Friday, August 31, 2012

i live here.


 It is no longer something talked about across the dinner table. It has left the category of a prospect and has shifted to reality. I live in New York City. I hear the sounds of sirens down on 34th while I am trying to fall asleep. I wake up to two roommates milling about in our quaint apartment. Personal space has been reduced to my person and that includes being on the streets of Manhattan.
  The question that often comes to mind when speaking to new classmates is, "Did you ever think you would end up in New York City?" I presume it surfaces due to the fact that I scarcely thought of this city, apart from a visit at Christmas time, as a place to call home. Home is more of a sacred term these days. Not to say that the city lacks charm, in many ways I enjoy it. There is just something about those people you love. Without even speaking you are confident of the way they value you. I know full well I am supported. Support just tends to come in the form of phone calls and skype sessions as opposed to hugs and the physical presence.
  In a city stuffed with millions of people from every walk of life, it amazes me how lonely one can feel.  Tears have flooded and fallen from my eyes more than once in this past week. In some moments I have verbally asked myself, "What am I doing here?" It is about an eternal perspective. It is about learning what it is like to trust the Lord when my bank account looks the way it does. If for nothing other than becoming a stronger woman of God, it would be enough.

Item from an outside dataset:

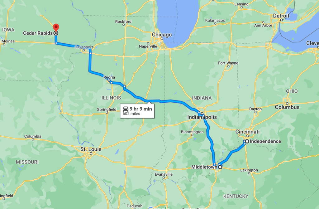 - Day 1: Louisville to Cedar Rapids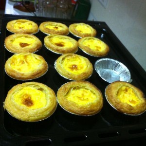 放入烤箱用上下管220度放置中层15分钟后即可~小窍门:烤至挞水变脆有焦黄颜色时拿出来冷却一下,再烤两三分钟即可

  I made the mistake of asking the Lord to "do big things" in my life. That is a silly statement. Walking with the Lord for a while now, I know that asking the Lord for big things merely gives Him the opportunity to show His faithfulness to His children in a unique way. Apparently, not everyone in New York City is living by faith, believing the Lord to provide for his or her schooling; it just so happens to be the path I am traversing. If I believe that my God is the "God of the impossible," then I can continue to trust that not one thing I step into is too much for Him to handle. It's a journey, a precious one that can be robbed of its pleasure if we aren't careful.